5. The cutting machining center with robot automatic loading and unloading as claimed in claim 1, the material receiving manipulator further comprises a fourth cylinder, a fifth cylinder, a sixth cylinder and a material receiving clamping jaw, wherein the fourth cylinder is used for driving the fifth cylinder, the sixth cylinder and the material receiving clamping jaw to move along the vertical direction, so that the material receiving clamping jaw is close to or far away from the processing position along the vertical direction, and the material receiving clamping jaws are close to or far away from the material receiving position along the vertical direction, piston rods of the fifth air cylinder and the fourth air cylinder are fixedly connected, the fifth cylinder is used for driving the sixth cylinder and the material receiving clamping jaw to move along the direction which is horizontal and vertical to the cross beam, therefore, the material receiving clamping jaws are close to or far away from the material receiving position along the direction, the piston rods of the sixth air cylinder and the fifth air cylinder are fixedly connected, and the sixth air cylinder is used for enabling the material receiving clamping jaws to clamp or loosen the workpiece.

6. The cutting center with the robot capable of feeding and discharging material automatically as claimed in claim 1, further comprising a device base, wherein the feeding mechanism, the clamping mechanism, the drilling mechanism and the material receiving mechanism are all disposed on the device base, the device base comprises a base, a table slide rail and a bracket, the table is slidably disposed on the base through the table slide rail, the table is disposed substantially horizontally and can slide horizontally, and the bracket is fixedly connected to the base.

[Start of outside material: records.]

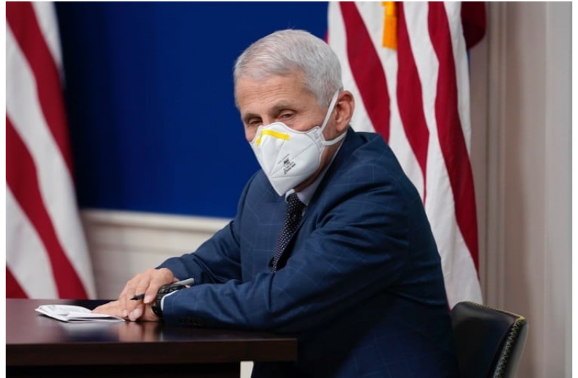
Anthony Fauci

So, I think it becomes a question of how do you put all this together, whether you believe in this series of coincidences, what you know of the lab in Wuhan, how much could be in nature — accidental release or natural event? I am 70:30 or 60:40.
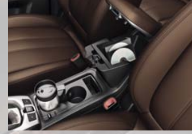
Front floor console. The electric parking brake has freed useful space for the centre console. On all models, the centre floor console contains two drinks holders and a convenient open storage compartment. The armrest opens to reveal capacious storage for journey needs and personal items.
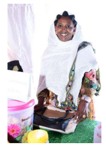
EWAA, Top-bar Hive Honey Production
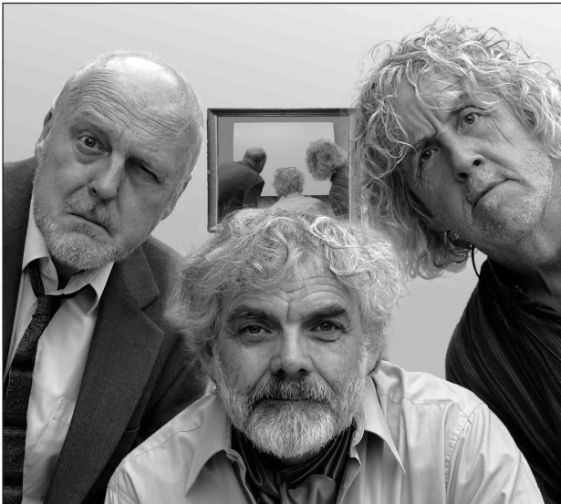
Somerleigh Players coming to Dorchester Corn Exchange

ONE of the most successful plays of the last 30 years is also one of the most contentious. Some people think it is utterly hilarious—others don't. Indeed, it has a contentious subject— ART asks the basic question, Is it ART? Somerleigh Players will be performing Yasmina Reza's hit comedy at Dorchester Corn Exchange on Thursday 9th and Friday 10th January at 7.30pm.
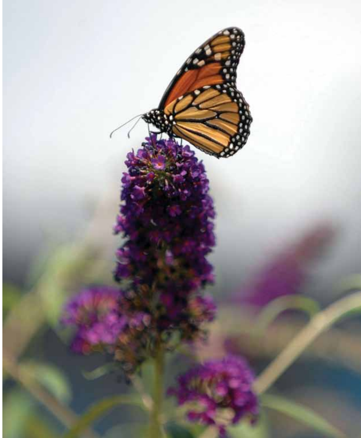
Hunt's Point Riverside Park, the Bronx.
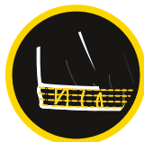
ELASTICATED CUFF AND WAISTBAND
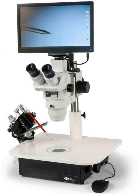
Fig. 1— A PZMIII Trinocular Stereo Microscope is mounted on the LED Illuminated Base and Articulating Mirror. The system includes a 76 mm focus mount. The optional PRO-300 HDS camera and screen are mounted on the trinocular port. An MC4 Stage Adapter (not included) is used to mount the M3301 Micromanipulator (not included) on the stage.

NOTES and TIPS contain helpful information.
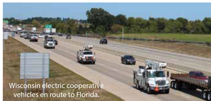
Wisconsin electric cooperative vehicles en route to Florida.

12 hours of 45 to 72 mph of wind. Black Creek, the St. Johns River and other local waterways in the area were all flooded. The hurricane impacted 858 homes in the county. Of those, a total of 275 were destroyed, 175 sustained major damage, 124 had minor damage, and the remainder were affected in other ways. The flood waters of Black Creek, which flows into the St. Johns River and then the Atlantic Ocean, topped out at 28.5 feet on September 12, shattering the previous 1919 record of 25.3 feet for the northern end and 26.3 feet for the southern end, set in 1944.
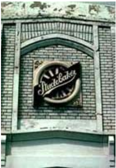
Terra cotta wheel with Studebaker banner, 1926. Lakewood, Ohio.

"Signs" refers to a great number of verbal, symbolic or figural markers. Posters, billboards, graffiti and traffic signals, corporate logos, flags, decals and bumper stickers, insignia on baseball caps and tee shirts: all of these are "signs." Buildings themselves can be signs, as structures shaped like hot dogs, coffee pots or Chippendale highboys attest. The signs encountered each day are seemingly countless, for language itself is largely symbolic. This Brief, however, will limit its discussion of "signs" to lettered or symbolic messages affixed to historic buildings or associated with them.

7. The cutting machining center with the manipulator capable of feeding and discharging automatically as claimed in claim 6, wherein the feeding mechanism comprises a feeding base fixedly connected with the table top, and further comprises a feeding slide rail fixed on the feeding base, and the feeding slide rail and the table top are arranged at a certain angle.

8. The cutting machining center with the manipulator capable of feeding and discharging automatically as claimed in claim 7, wherein a material blocking mechanism is arranged at the bottom end of the feeding slide rail and comprises a material blocking support and a material blocking cylinder, and a material blocking piston rod of the material blocking cylinder can be used for blocking the workpiece from sliding out of the feeding slide rail when in an extending state.

9. The cutting machining center with the manipulator capable of feeding and discharging automatically as claimed in claim 8, wherein a feeding mechanism and a feeding chute are respectively arranged on two sides below the feeding slide rail, the feeding mechanism comprises a feeding cylinder and a feeding support, the feeding support is fixedly connected with the feeding slide rail and used for blocking a workpiece sliding out of the feeding slide rail, the feeding cylinder is used for pushing the workpiece blocked by the feeding support into the feeding slide rail, and an iron scrap blocking mechanism is further arranged on one side of the feeding slide rail.

10. The cutting machining center with the robot arm capable of feeding and discharging automatically as claimed in claim 1, wherein the clamping mechanism includes a machining seat and a clamping seat, the machining seat includes a plurality of layers which are detachably connected with each other, the clamping seat is detachably fixed above the machining seat, the clamping seat is substantially box-shaped and is opened from the upper part, an opening is provided on a side wall of the clamping seat, and the height of the side wall of the clamping seat is smaller than that of the workpiece.